The recently released Chainlink 2.0 Whitepaper introduces a variety of innovations aimed at significantly improving the capabilities of Decentralized Oracle Networks (DONs), most notably by enabling DONs to perform secure off-chain computations. With DONs providing smart contracts access to a wider array of decentralized services beyond data delivery, a more expansive hybrid infrastructure becomes available to developers, empowering them to combine on-chain code with off-chain resources to build increasingly advanced smart contracts. 

One dimension to provisioning these next-generation hybrid smart contracts is creating a robust cryptoeconomic security model for DONs that maximizes the cost of attack. This is critical to scaling the security of DONs as they become increasingly involved in securing key functions within high-value smart contracts that affect user funds. To achieve a heightened level of tamper-resistance, the paper presents Explicit Staking—an advanced cryptoeconomic system in development where Chainlink nodes lock up LINK tokens as collateral that can be slashed for malicious and undesirable behavior. 

The Chainlink staking model is unique because it’s designed to protect against an extremely broad class of well-capitalized adversaries, as well as achieve a super-linear staking impact—a mechanism where malicious actors are required to have a budget significantly larger than the combined deposits of all nodes within a DON, creating increasingly greater security guarantees for high-value smart contract applications in a cost-efficient manner. 

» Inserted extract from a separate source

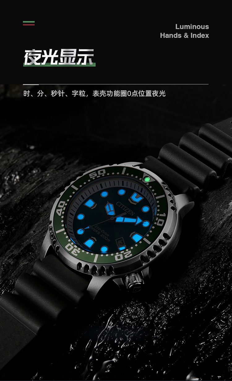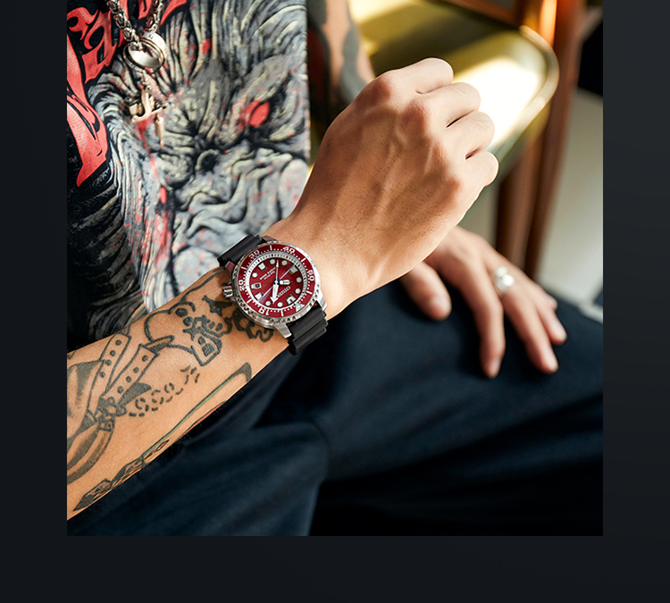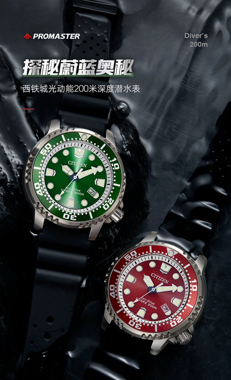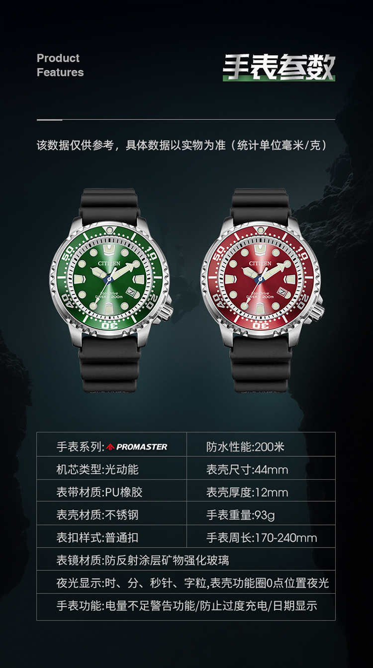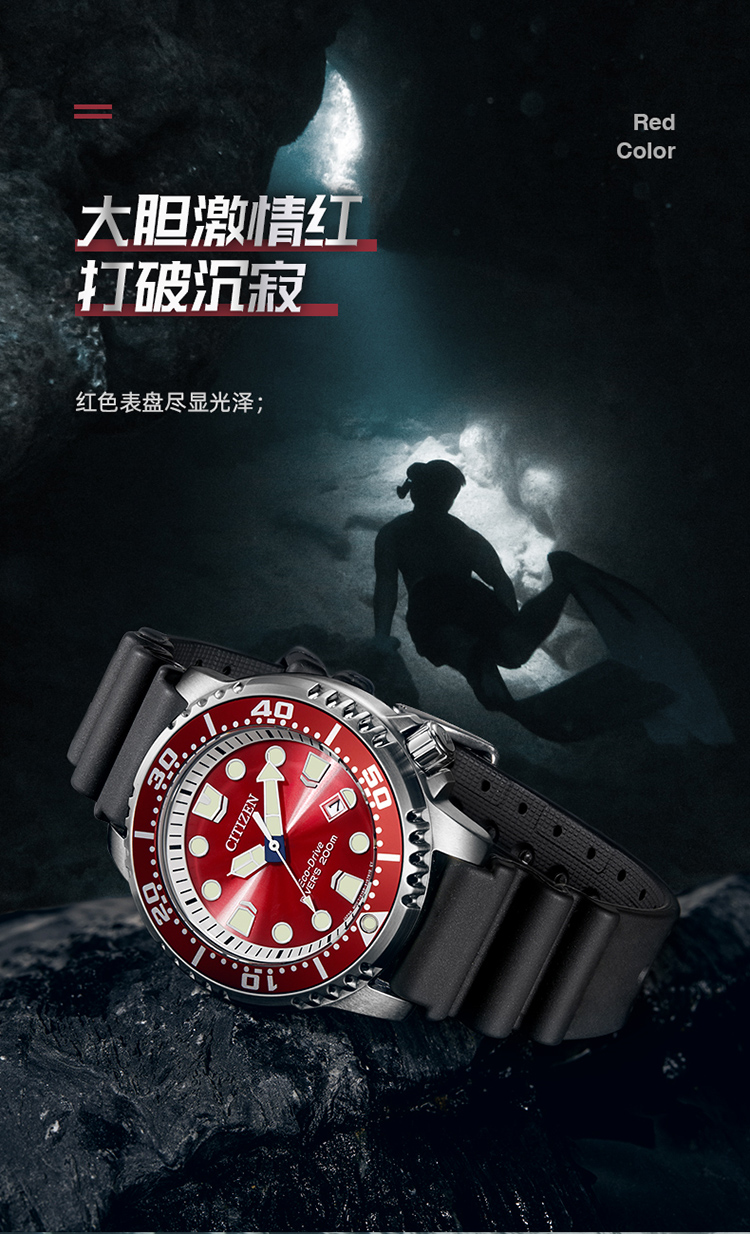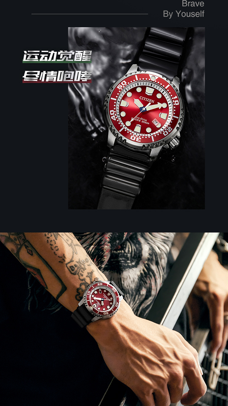 Citizen西铁城 光动能手表防水休闲运动红盘PU橡胶带男表 BN0159-15X 酒红

Within this article, we provide an overview of explicit staking in the Chainlink 2.0 Network and how it will generate a much greater level of cryptoeconomic security for users. For more information on Chainlink’s explicit staking model and all of its technical nuances, refer to section nine of the Chainlink 2.0 Whitepaper.

Role of Explicit Staking in Decentralized Oracle Networks

Chainlink’s explicit staking mechanism aims to achieve a fundamentally different goal than staking within blockchain networks. While Proof-of-Stake blockchains use a staking mechanism to generate global consensus on a set of transactions ordered into continuously created blocks, explicit staking in Chainlink 2.0 aims to achieve the creation of reliable and tamper-resistant oracle reports that accurately reflect the state of specific real-world events outside a blockchain (off-chain). 

Ultimately, the goal of explicit staking in Chainlink 2.0 is to increase the cryptoeconomic security of DONs, giving users greater guarantees around the validity and timeliness of the external data and off-chain computations that their high-value hybrid smart contracts rely upon. Oracle staking mechanisms to date have only been designed to protect against a narrow set of attacks, without the capabilities of a realistic adversary. By comparison, Chainlink’s explicit staking mechanism protects against a broad range of attacks, including advanced strategies like prospective bribery, in which nodes are targeted according to their role in the network, such as those selected for report adjudication.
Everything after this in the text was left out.